Task description: From the first line down to the one containing "1、在游戏中观察绿色机械部件", reproduce the entries below exactly and leave out the pictures.

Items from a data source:
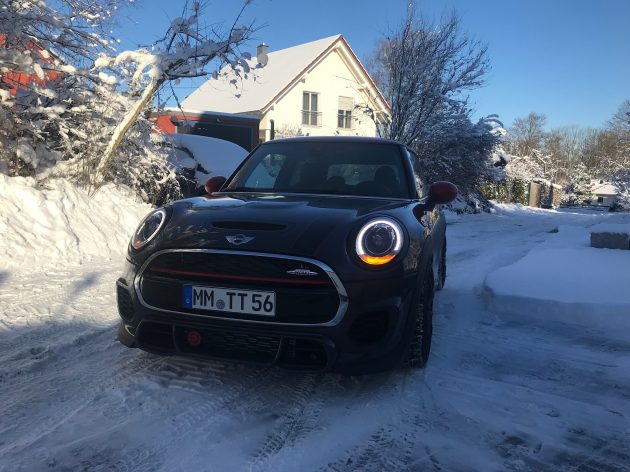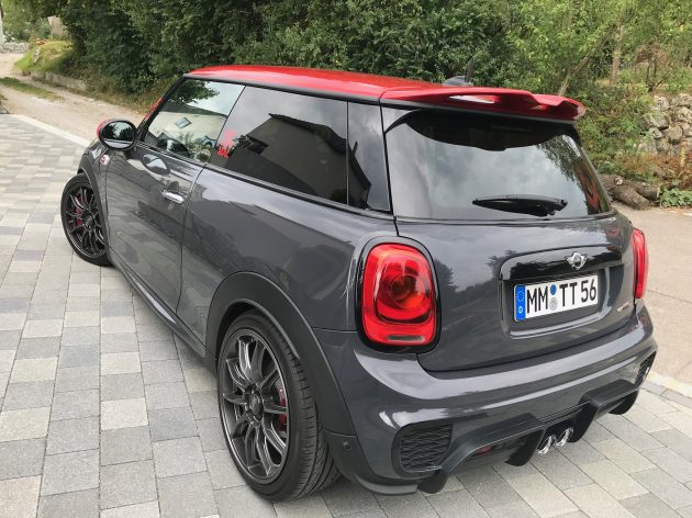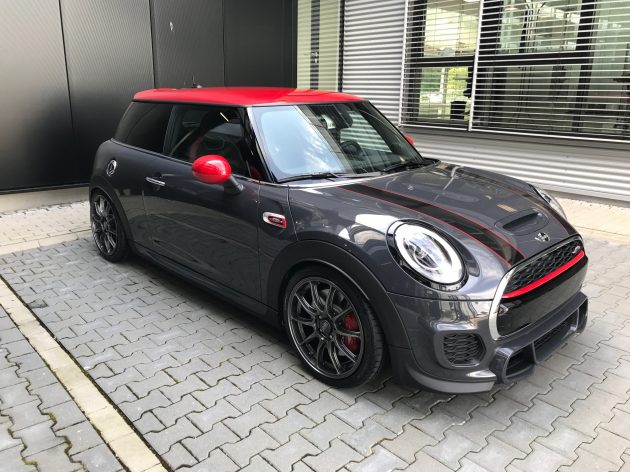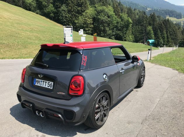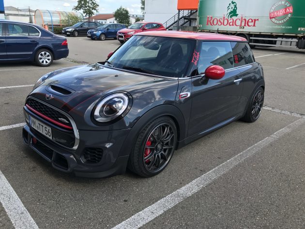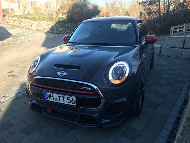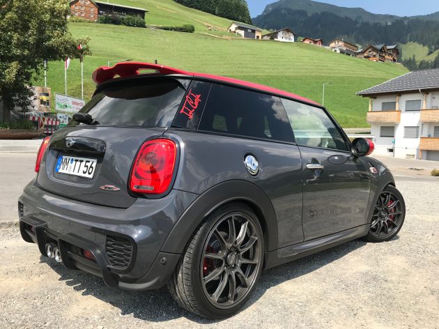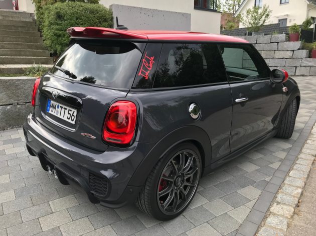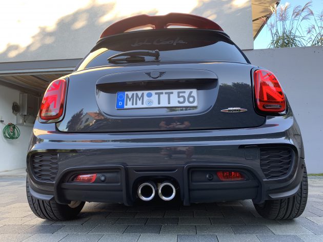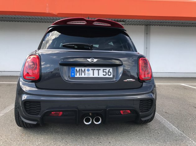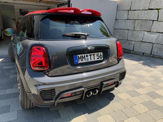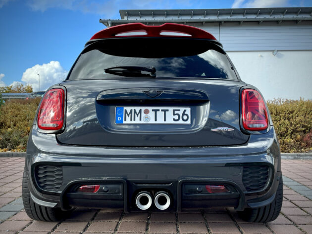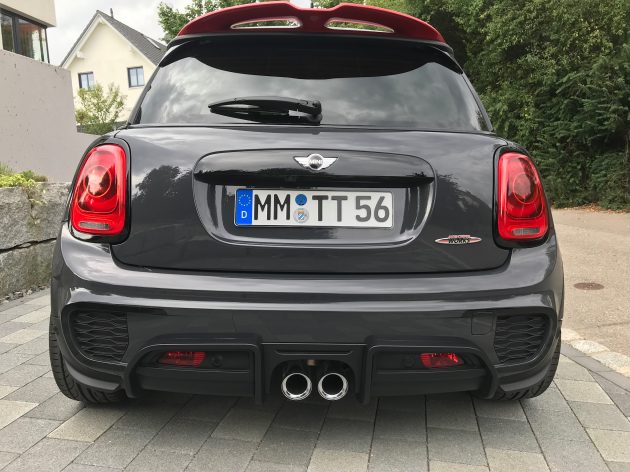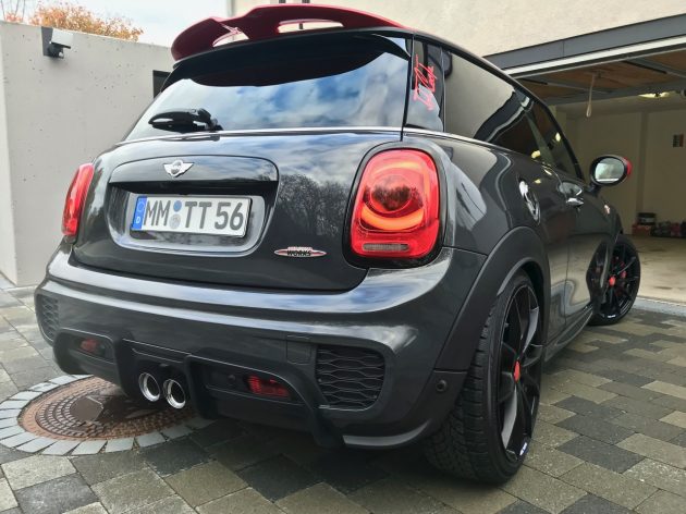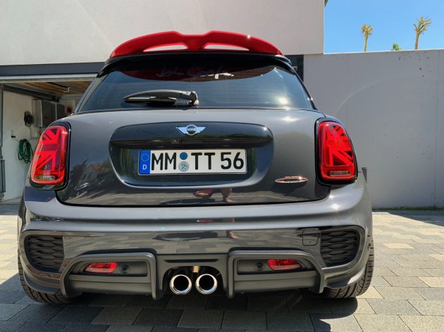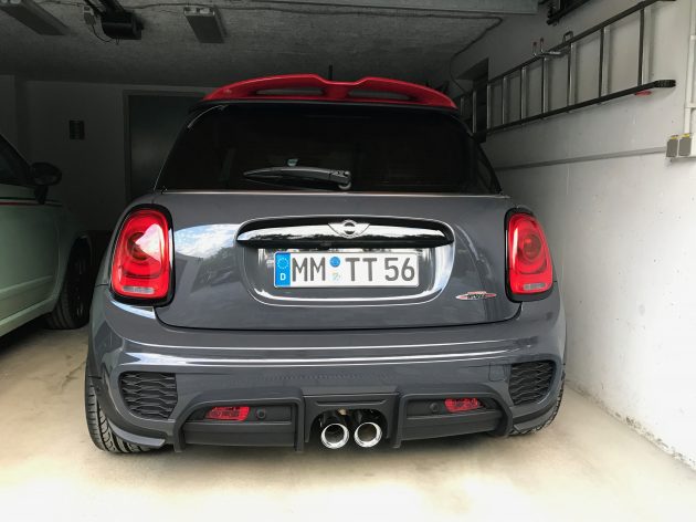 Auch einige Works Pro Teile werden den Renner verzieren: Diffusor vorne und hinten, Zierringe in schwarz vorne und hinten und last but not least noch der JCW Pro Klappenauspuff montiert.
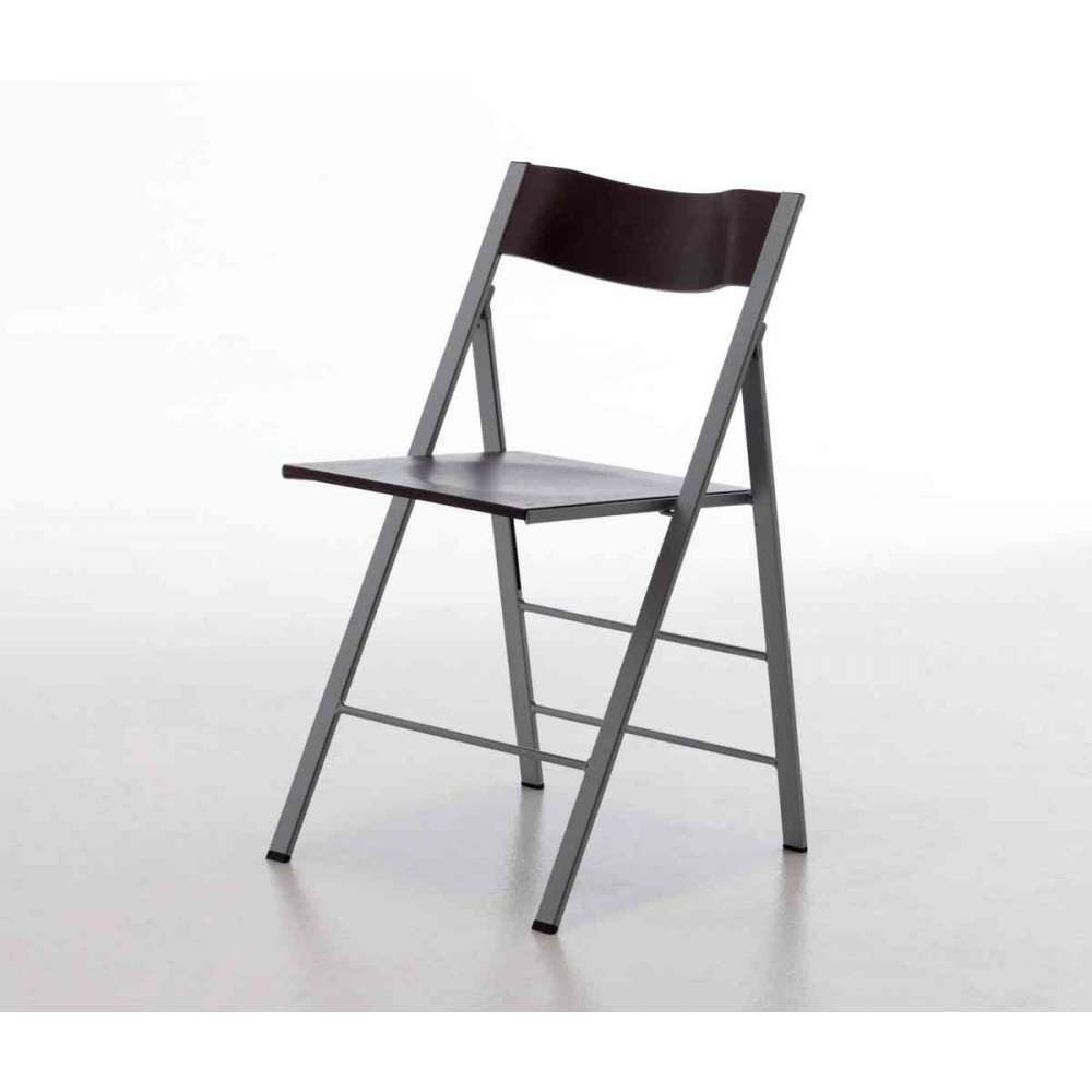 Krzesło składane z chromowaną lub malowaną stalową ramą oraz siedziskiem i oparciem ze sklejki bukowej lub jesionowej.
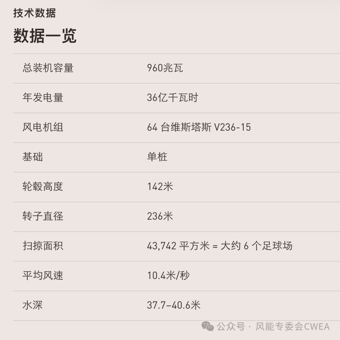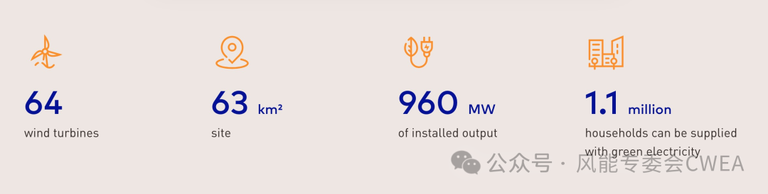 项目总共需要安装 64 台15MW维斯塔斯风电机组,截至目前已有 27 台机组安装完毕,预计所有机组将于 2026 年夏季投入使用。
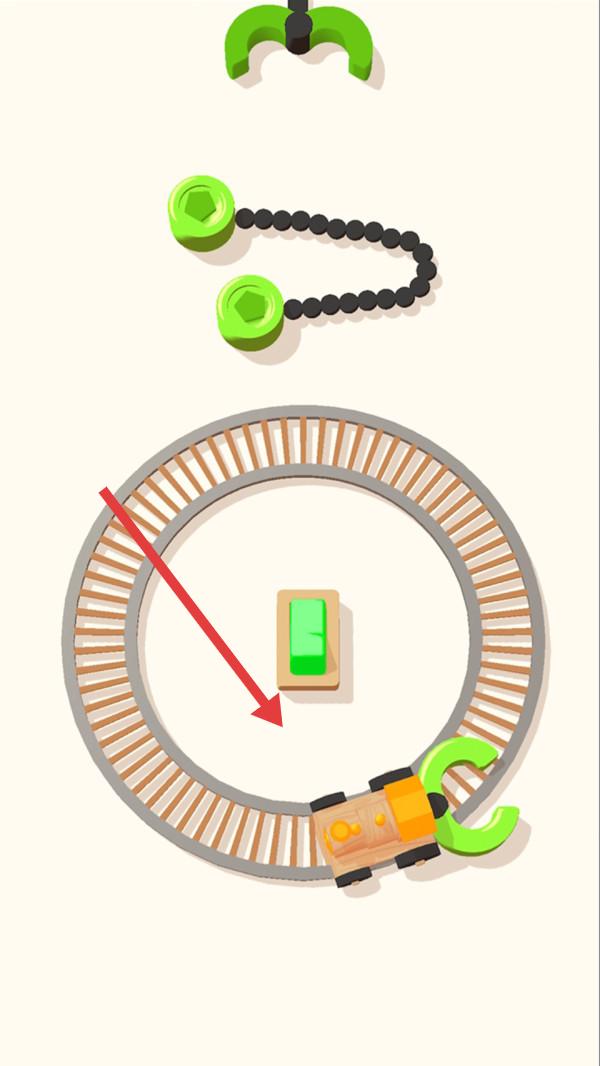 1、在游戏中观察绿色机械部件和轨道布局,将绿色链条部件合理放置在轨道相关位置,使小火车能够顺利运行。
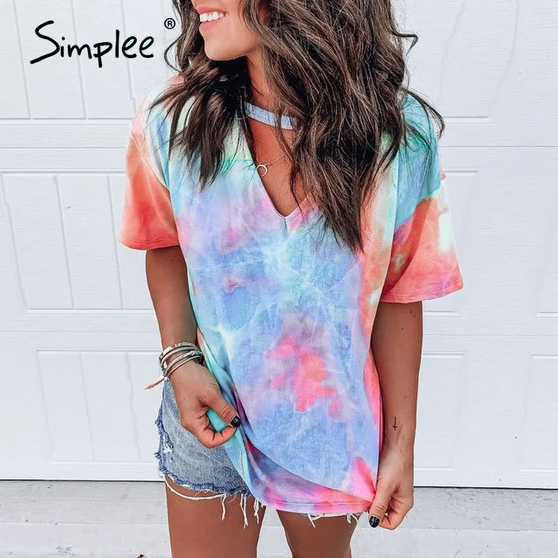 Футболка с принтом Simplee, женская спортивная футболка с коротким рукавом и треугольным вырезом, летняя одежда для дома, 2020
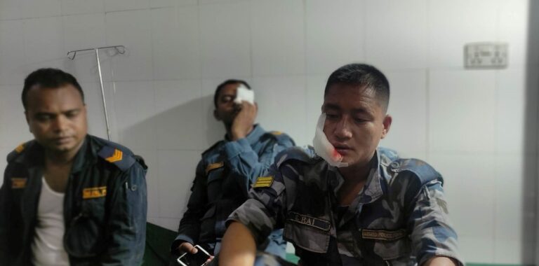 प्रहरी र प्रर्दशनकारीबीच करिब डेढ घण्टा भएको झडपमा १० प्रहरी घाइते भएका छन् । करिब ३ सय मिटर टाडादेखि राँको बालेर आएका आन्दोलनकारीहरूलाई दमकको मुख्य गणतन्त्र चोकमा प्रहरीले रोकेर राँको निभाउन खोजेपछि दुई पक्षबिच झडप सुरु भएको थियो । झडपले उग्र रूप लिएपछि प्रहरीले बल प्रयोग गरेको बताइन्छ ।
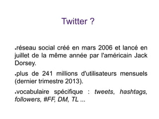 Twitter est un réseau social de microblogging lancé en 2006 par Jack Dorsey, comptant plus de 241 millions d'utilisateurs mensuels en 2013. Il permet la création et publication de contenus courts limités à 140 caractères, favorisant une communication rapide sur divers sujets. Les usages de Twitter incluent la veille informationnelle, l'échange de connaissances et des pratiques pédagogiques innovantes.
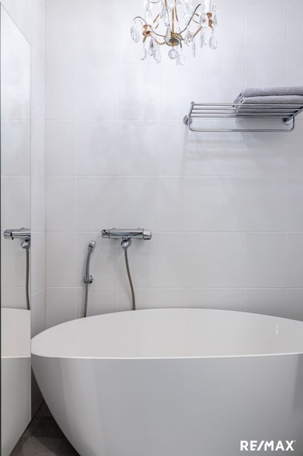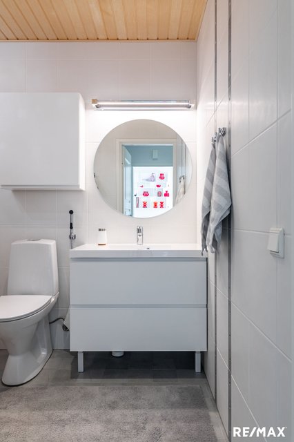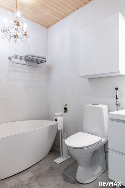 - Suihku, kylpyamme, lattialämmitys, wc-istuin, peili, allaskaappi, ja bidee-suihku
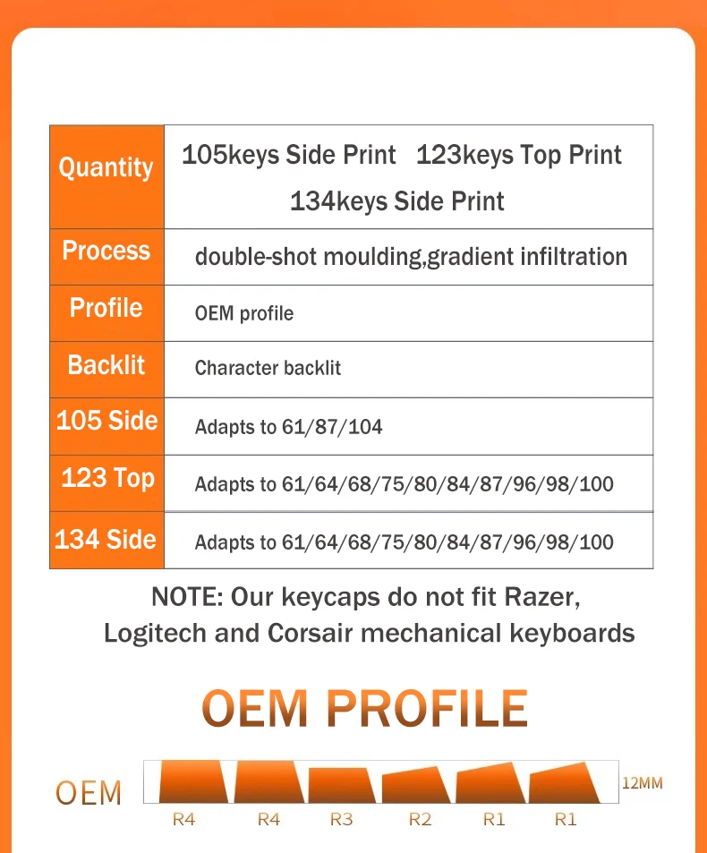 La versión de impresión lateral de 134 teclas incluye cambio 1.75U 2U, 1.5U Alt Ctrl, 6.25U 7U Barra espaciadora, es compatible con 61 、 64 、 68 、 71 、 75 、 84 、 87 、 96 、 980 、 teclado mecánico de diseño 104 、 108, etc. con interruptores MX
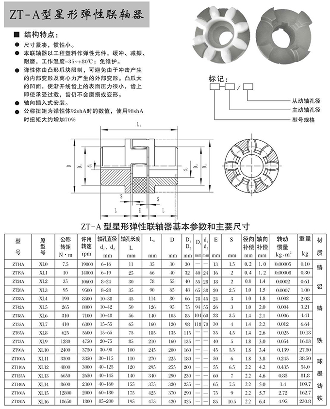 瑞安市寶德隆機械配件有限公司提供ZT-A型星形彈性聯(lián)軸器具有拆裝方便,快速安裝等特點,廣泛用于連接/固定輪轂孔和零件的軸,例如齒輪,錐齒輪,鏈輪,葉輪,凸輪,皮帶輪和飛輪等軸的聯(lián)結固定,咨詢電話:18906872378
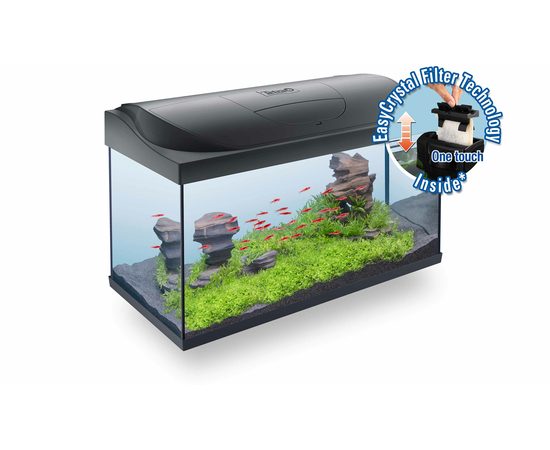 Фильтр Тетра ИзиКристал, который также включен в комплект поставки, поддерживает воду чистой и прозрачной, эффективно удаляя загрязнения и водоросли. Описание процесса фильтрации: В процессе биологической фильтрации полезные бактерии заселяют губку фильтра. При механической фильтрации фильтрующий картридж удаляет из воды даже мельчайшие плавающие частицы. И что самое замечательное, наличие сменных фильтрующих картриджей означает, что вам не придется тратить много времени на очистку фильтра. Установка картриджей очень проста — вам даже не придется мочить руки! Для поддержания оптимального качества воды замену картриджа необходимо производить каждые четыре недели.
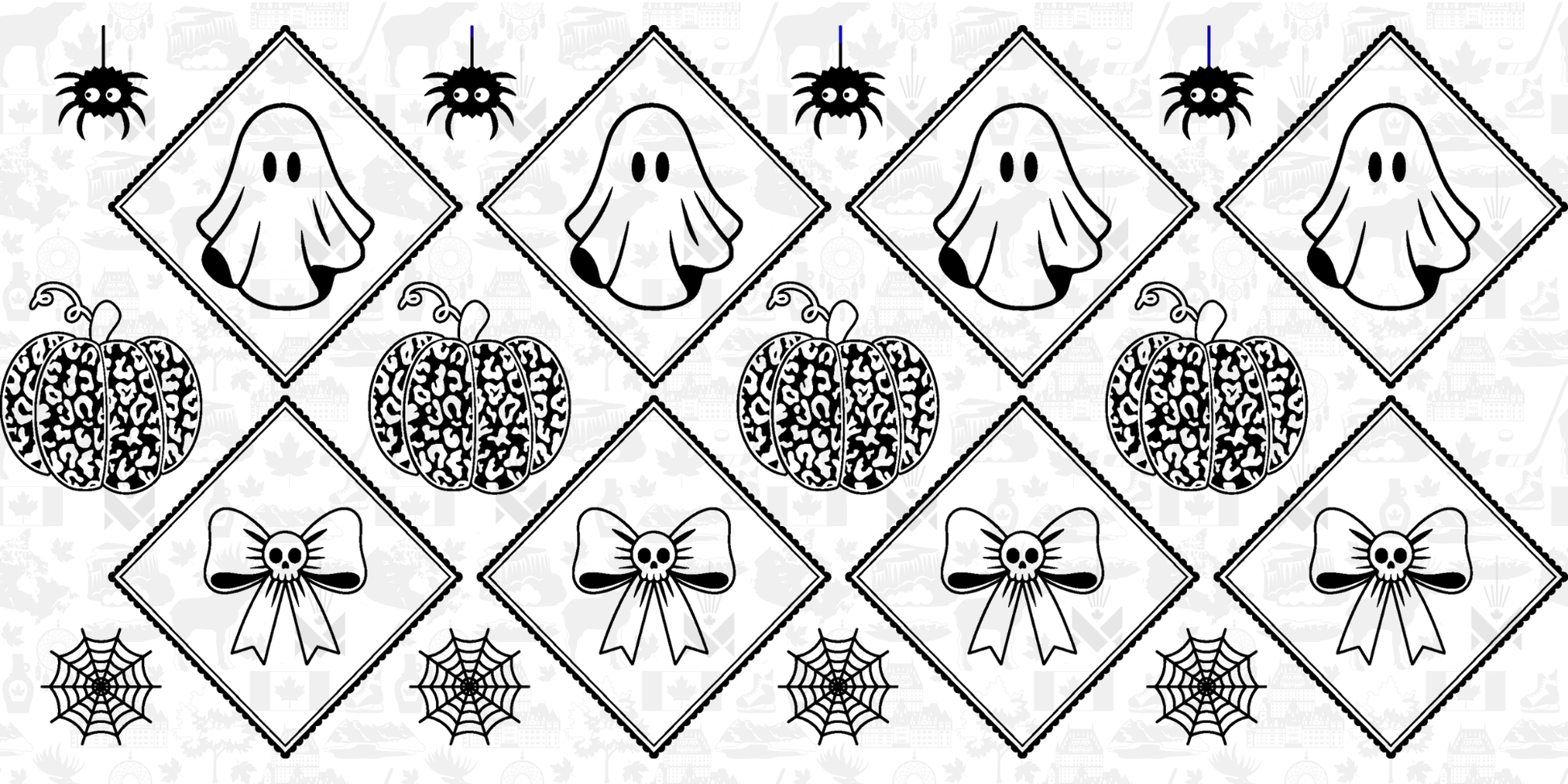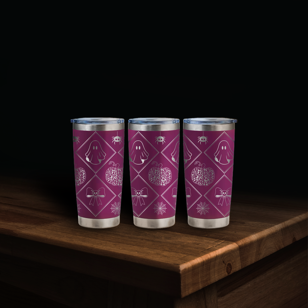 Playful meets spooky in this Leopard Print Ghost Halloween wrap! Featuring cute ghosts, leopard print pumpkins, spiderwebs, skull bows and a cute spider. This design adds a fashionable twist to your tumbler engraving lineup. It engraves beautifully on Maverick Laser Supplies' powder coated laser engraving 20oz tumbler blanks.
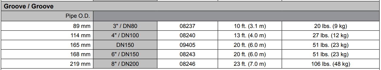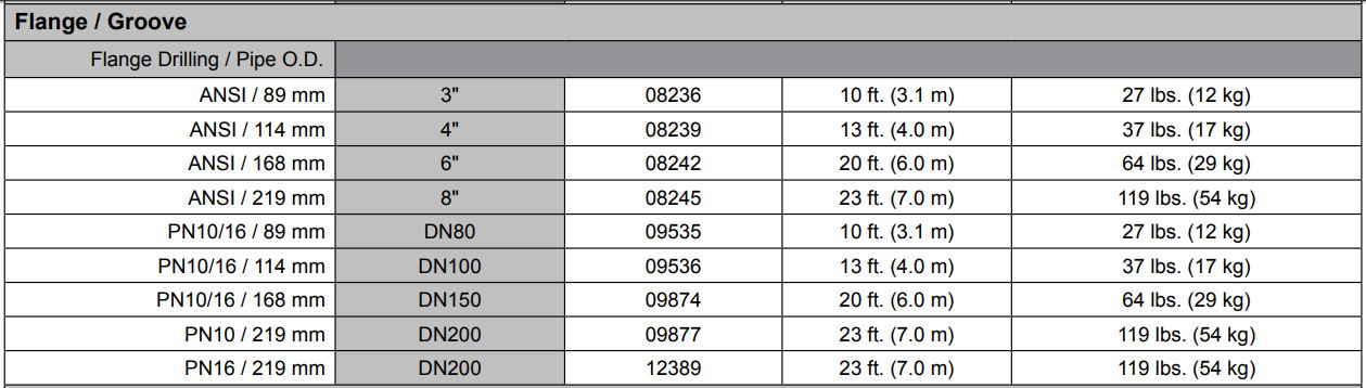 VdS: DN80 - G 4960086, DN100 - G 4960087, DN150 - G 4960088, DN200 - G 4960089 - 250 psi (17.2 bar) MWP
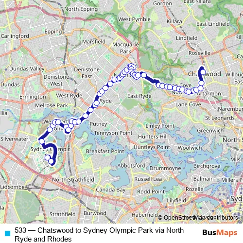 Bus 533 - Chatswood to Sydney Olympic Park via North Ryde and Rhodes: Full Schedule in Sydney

Result:
 Auch einige Works Pro Teile werden den Renner verzieren: Diffusor vorne und hinten, Zierringe in schwarz vorne und hinten und last but not least noch der JCW Pro Klappenauspuff montiert.
 Krzesło składane z chromowaną lub malowaną stalową ramą oraz siedziskiem i oparciem ze sklejki bukowej lub jesionowej.
 项目总共需要安装 64 台15MW维斯塔斯风电机组,截至目前已有 27 台机组安装完毕,预计所有机组将于 2026 年夏季投入使用。
 1、在游戏中观察绿色机械部件和轨道布局,将绿色链条部件合理放置在轨道相关位置,使小火车能够顺利运行。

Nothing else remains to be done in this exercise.